Sicherheit wurde in Westeuropa in den vergangenen Jahrzehnten stets transatlantisch gedacht, die USA sind selbst Mitglied der OSZE und führen mit der Nato das mächtigste Verteidigungsbündnis der Welt an. Kann die OSZE dazu beitragen, Washington davon zu überzeugen auf dem europäischen Kontinent engagiert zu bleiben?
Donald Trump ist kein Freund von internationalen Organisationen, da er die USA so stark wähnt, dass durch die US-Mitgliedschaft stets nur die anderen profitierten. Der Nutzen für das eigene Land scheint ihm oft nicht recht bewusst zu sein. Die europäischen Verbindungen zu den USA sind kein dickes Seil, das man mit einem Hieb durchschlagen kann, sondern es sind abertausende dünne Fäden, die in Summe eine viel größere Widerstandsfähigkeit aufweisen. Die Verbindungen zwischen einzelnen Abgeordneten sind deshalb wichtig – als Gesprächskanäle, für die gegenseitige Verständigung und als Gewinn für beide Seiten.

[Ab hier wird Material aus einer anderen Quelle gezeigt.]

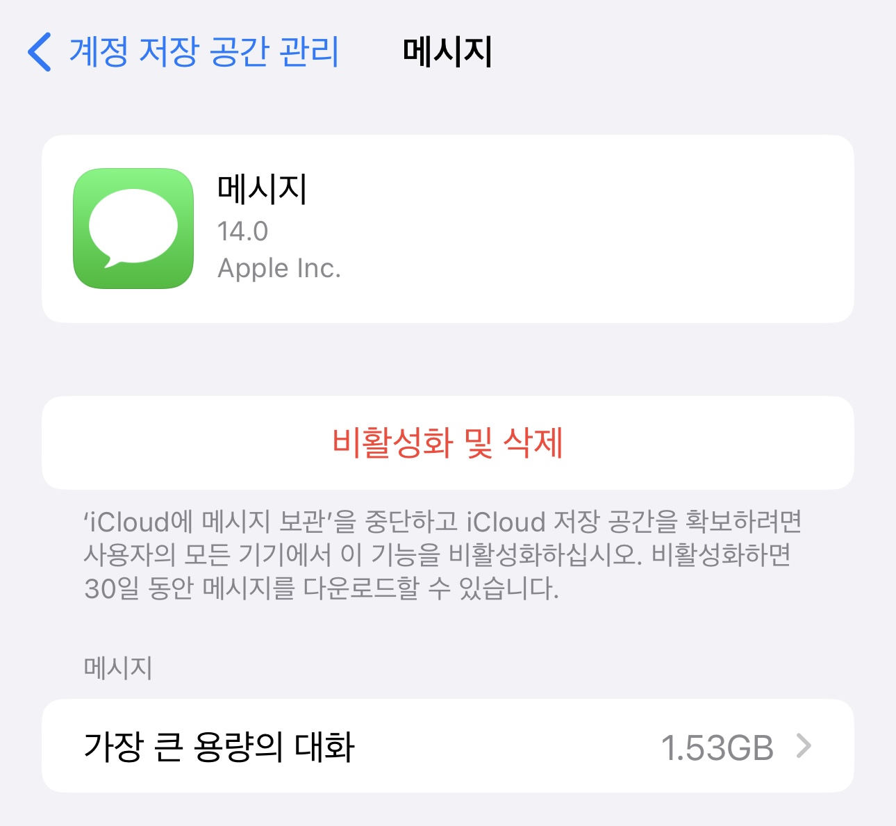 계정 저장 공간 관리 화면에서는 각 앱 별로 차지하는 공간을 확인할 수 있다. 각각의 항목을 눌러보면 비활성화나 데이터 삭제와 관련된 메뉴를 찾을 수 있다.
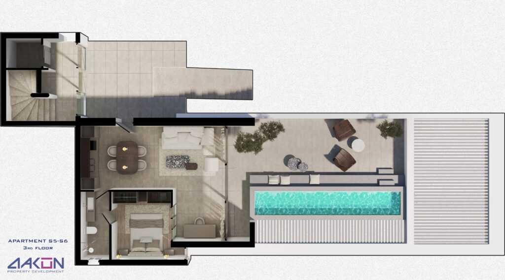 | Apartment 6 | 52.8 sq.m. | 2nd Floor | 1 bedroom, bathroom, kitchen, dining area, and living room. Also features a spacious 47 sq.m. veranda with a private 8 sq.m. swimming pool. |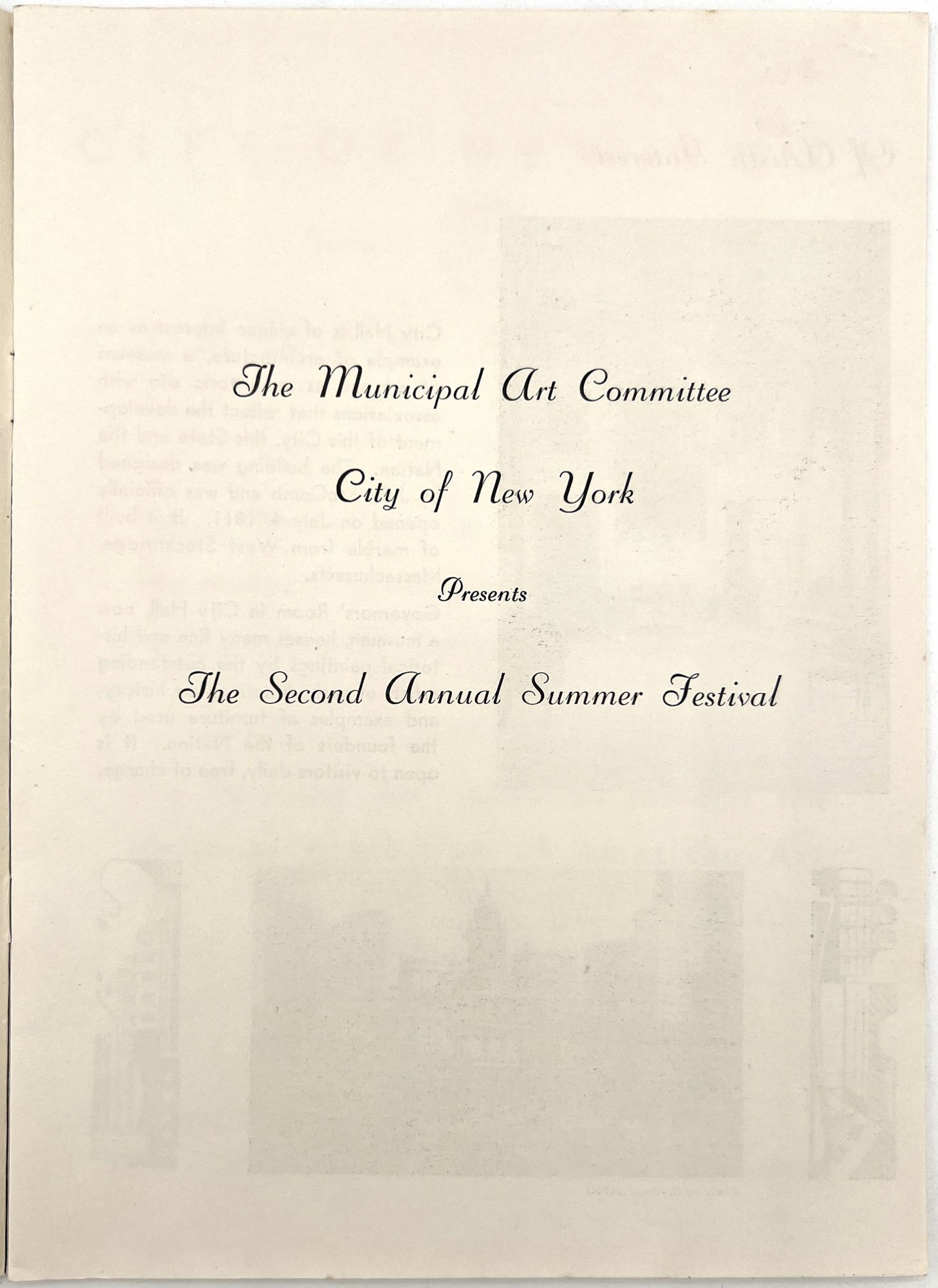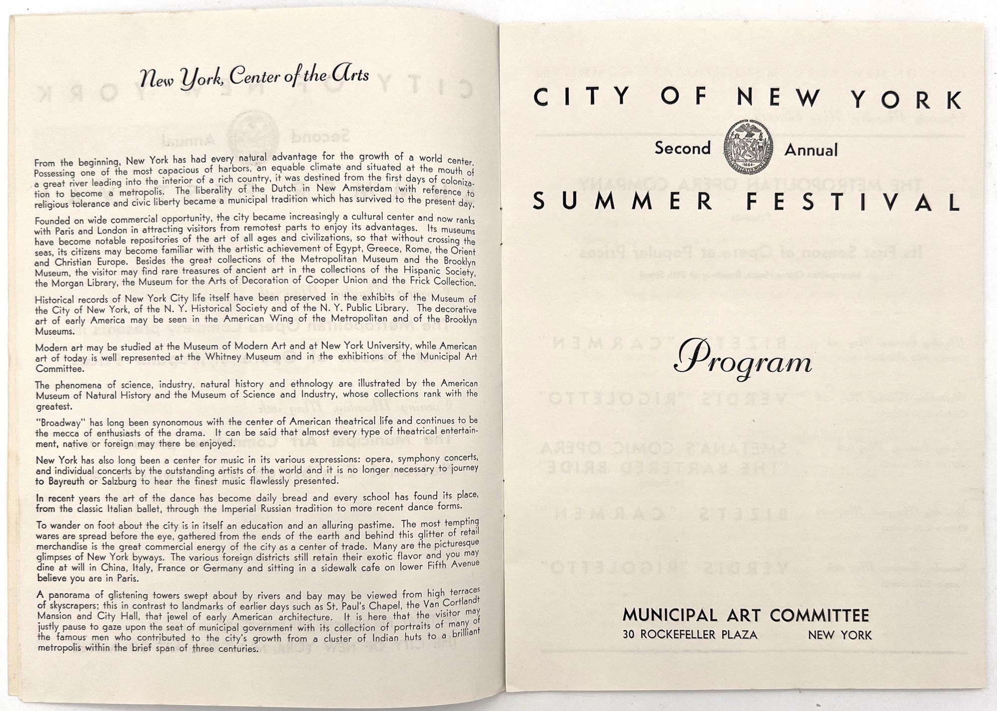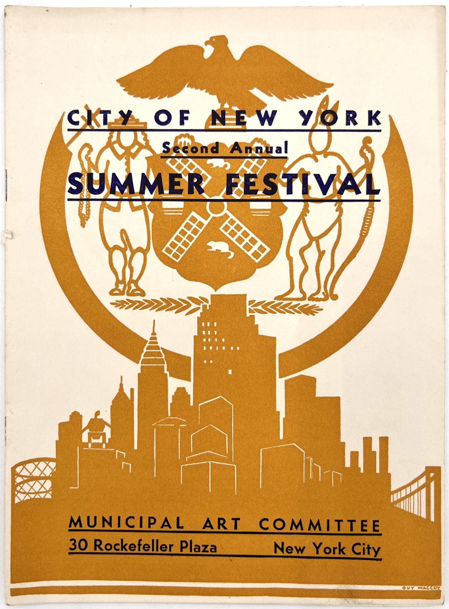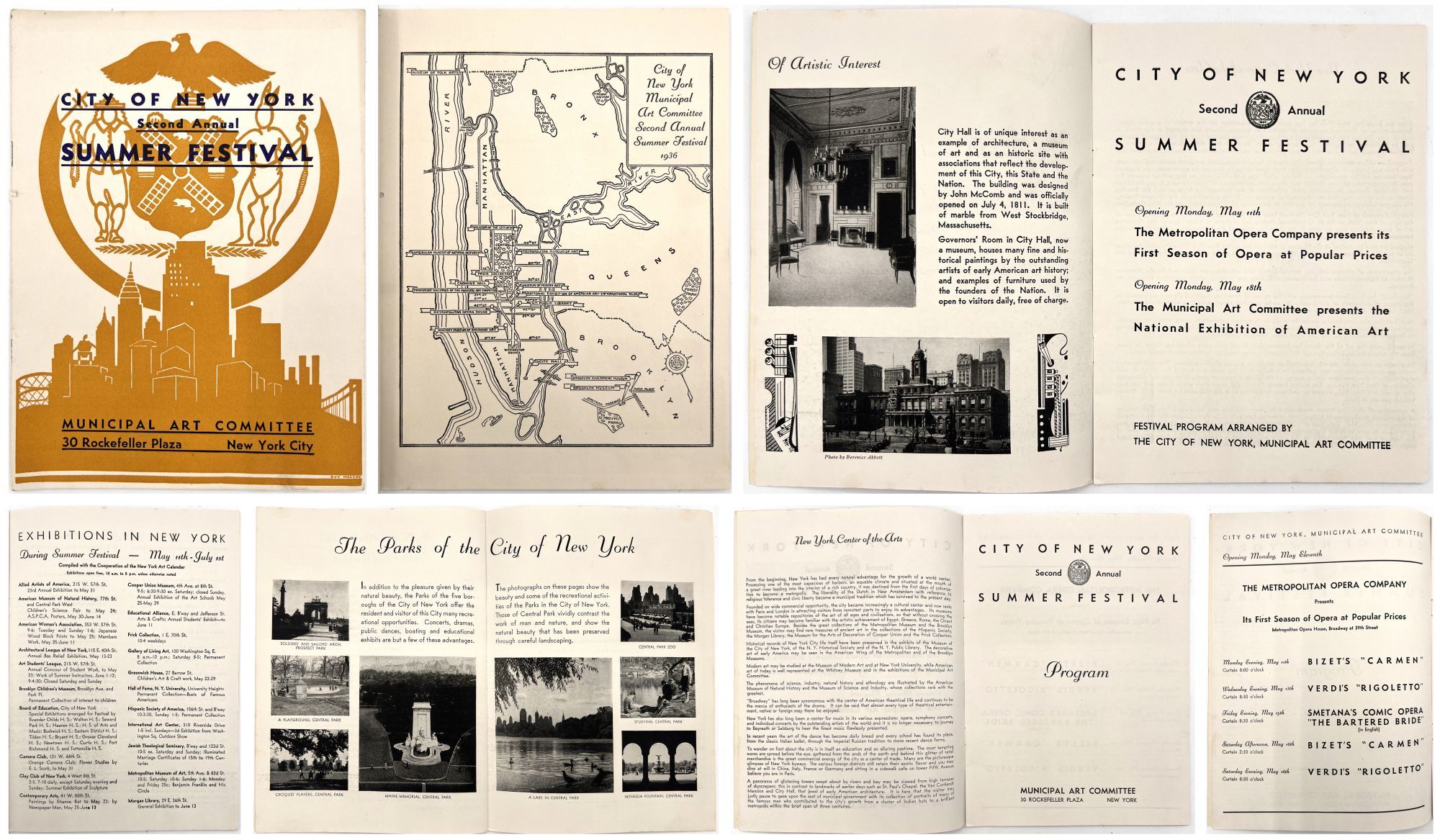 New York, New York: Municipal Art Committee, 1936. Near-fine. Minor rust staining from staples.. Illustrated booklet promoting the Second Annual Summer Festival of the City of New York, a grand celebration of the city's museums, parts, performances, and cultural events. Organized by the Municipal Art Committee, the festival opened with a performance by the Metropolitan Opera at the Metropolitan Opera House, and an exhibition of American art in Rockefeller Center. Includes a full listing of the city's exhibitions and museums, with addresses and hours, as well as photos of Central Park. Map with salient arts locations labeled on the inside of the lower wrapper. Single vol. (9.25" by 6.75"), pp. [14], illus., stapled in original illus. wrps printed in goldenrod and navy, with allegorical seal and skyline of the city.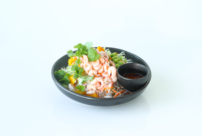 Sallad direkt från vårt kök. Räkor, glasnudlar, mango, morötter och...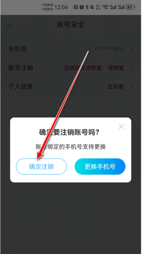 5.点击确定注销。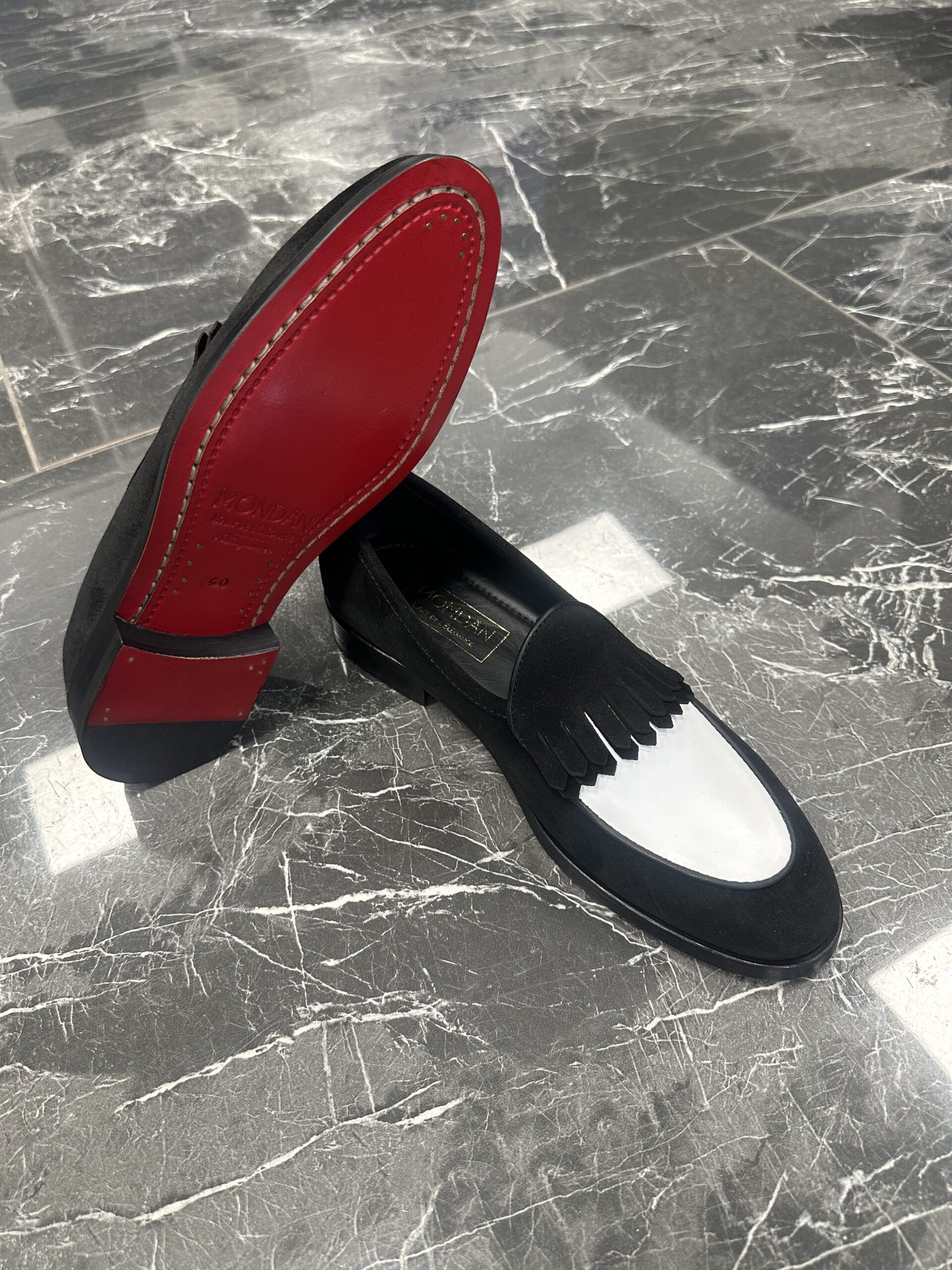 Die Herrenschuhe vom Hause MONDÄN – L’Art de l’Élégance werden von versierten Händen aus edlen sorgfältig ausgewählten Materialien mit einzigartiger Design- bzw. Formsprache gefertigt. Passion zum Detail und handwerkliche Qualität stehen im Vordergrund. Das handgearbeitete Modell “Zebra” ist mit Fransen versehen und aus schwarzweißem Leder hergestellt.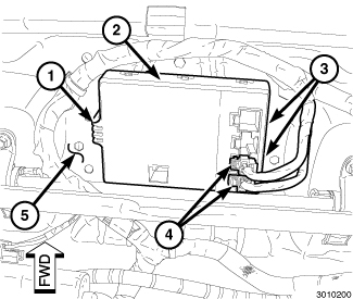 1. Position the Heated Seat Module (HSM) (2) to the driver seat and engage the two outboard HSM retaining tabs (3) to the seat bottom pan (5). Make sure the retaining tabs are correctly engaged to the seat bottom pan.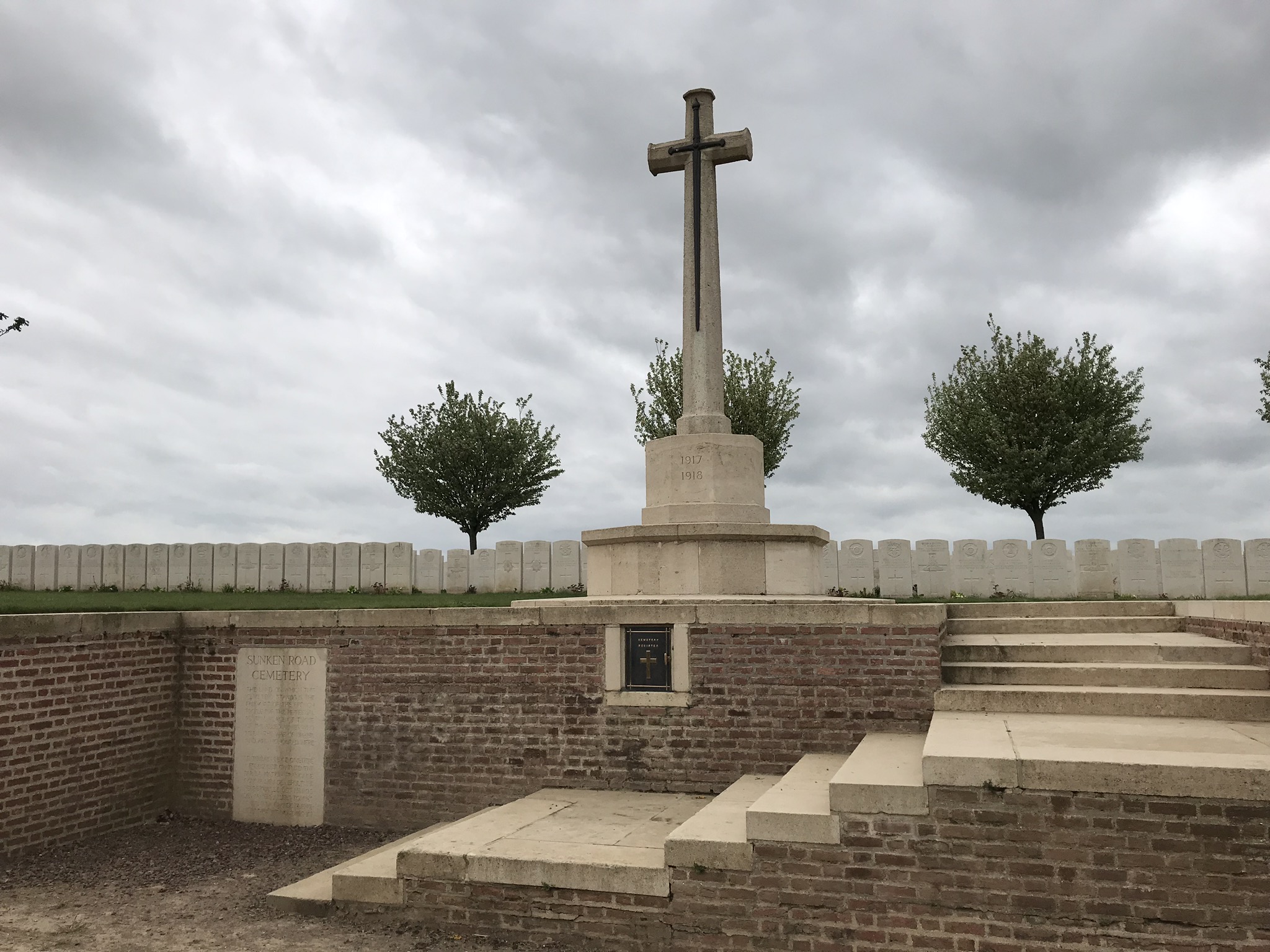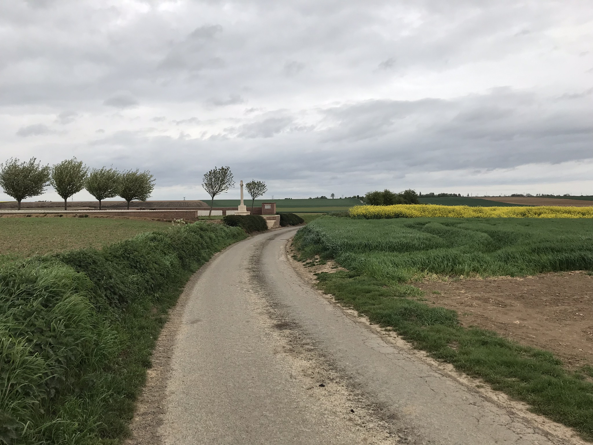 Shortly after entering Boisleux-Saint-Marc I encountered the WWI Sunken Road Cemetery. The fallen were from various places, including Germany.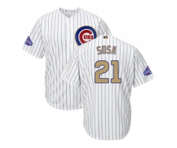 Youth Chicago Cubs #21 Sammy Sosa White(Blue Strip) 2017 Gold Program Cool Base StitchedMLB Jersey

Als OSZE-Wahlbeobachter in den USA haben Sie im vergangenen November einen tiefen Einblick in das Land bekommen. Hilft Ihnen das nachzuvollziehen, wie die aktuelle US-Politik in Amerika mehrheitsfähig werden konnte?
Der amerikanische Wahlkampf war von Populismus geprägt. In einer komplexen Welt konnte die Kampagne der Republikaner mit einfachen Antworten vielen Menschen Hoffnung geben. „Make America Great Again“ versprach die Lösung gegen steigende Preise, Wohlstandsverluste, Wirtschaftskrise, Migration oder die Übergriffigkeit des Staates zu sein. Mit den Themen trafen die Republikaner sehr viel besser die Sorgen der Durchschnittsamerikaner als es die Demokraten und Kamala Harris vermochten. Dazu kamen die riesigen Summen für den Wahlkampf in zweistelliger Milliardenhöhe, die in TV-Spots und Social-Media-Kampagnen gesteckt wurden. Ob die aktuelle US-Politik mehrheitsfähig ist, muss sich aber erst noch beweisen. Dazu ist es nur wenige Wochen nach Amtsantritt noch viel zu früh.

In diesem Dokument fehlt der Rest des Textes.